MAOIs are one of the oldest and most effective treatment options for depression, but dietary and drug interactions have restricted their use, especially as new agents with fewer interactions have become available.  Tyramine content in food can cause a hypertensive crisis in patients taking MAOIs.  The average persona can ingest approximately 400 mg of tyramine before their blood pressure is elevated.  However, with as little as 10 mg of dietary tyramine, high blood pressure can occur if taking a MAOI.

Isocarboxazid
Phenelzine
Selegiline, transdermal
Tranylcypromine

Psychotherapy

There are many types of psychotherapy that are available for the treatment of major depressive disorder. Several reviews indicate that no type of psychotherapy is superior in effectiveness. Psychotherapy alone can be an effective treatment, but there is considerable evidence that psychotherapy combined with an antidepressant is superior to either psychotherapy alone or  antidepressants alone for treating major depressive disorder.

The effectiveness of psychotherapy appears to be associated with the number of sessions per week, with more sessions generally being more effective.

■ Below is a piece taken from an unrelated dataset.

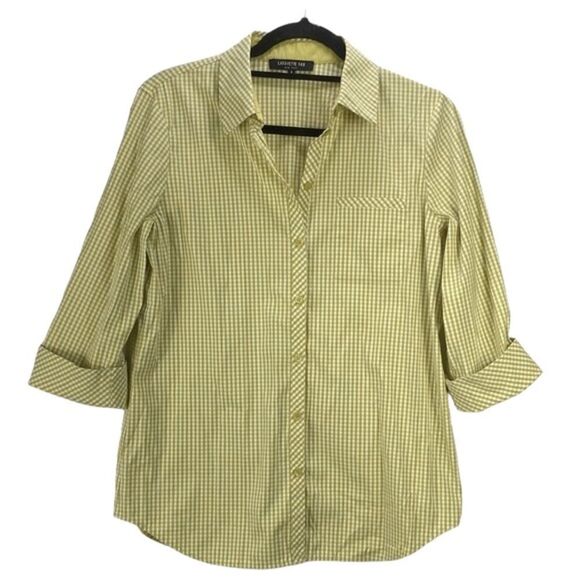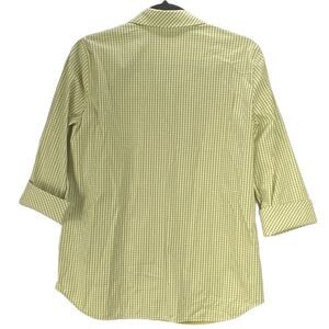 Lafayette 148 Wm’s Sz Sm Green Checkered 3/4 Sleeve Turn Cuff Button Down Shirt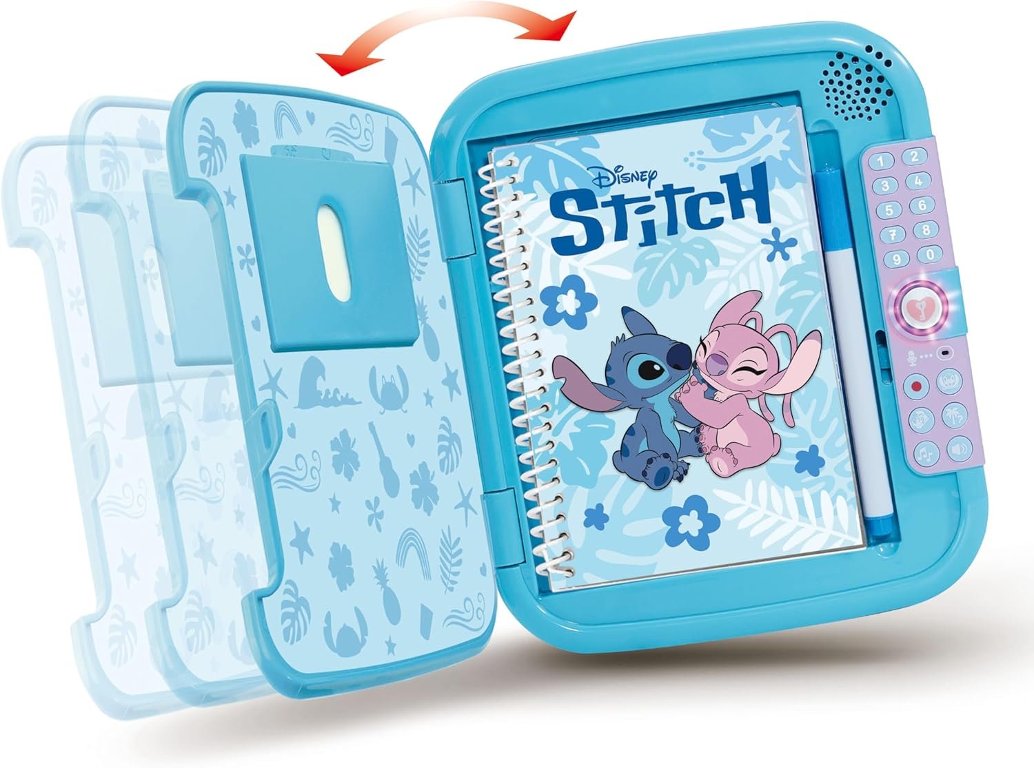 El Diario Secreto Digital Stitch – Kidi Secrets de VTech es el rincón perfecto para que peques a partir de 5 años escriban, graben y protejan sus pensamientos más importantes… ¡con una contraseña secreta de 4 dígitos que solo ellxs conocen! 🥰🔢

Electro-convulsive Therapy (ECT)

Electroconvulsive therapy (ECT) is considered to be an effective therapy for treatment-resistant depression, i.e., patients who have not responded to two drugs from a different class used for a sufficient length of time or patients who have not responded to four or more different therapeutic regimens.

It can also be used for geriatric patients, patients who have depression and Parkinson’s disease, patients who have severe major depression those whose depression is accompanied by catatonia or psychotic features, or patients who have been, or may be non-compliant with medication regimens.

Electroconvulsive therapy has been shown to achieve a substantial remission rate, and a review of randomized controlled trials indicates that ECT combined with medications is superior to the use of medications alone for preventing relapse. Anterograde and retrograde memory deficits and other cognitive deficits are relatively common after ECT, but fortunately these are in most patients of short duration.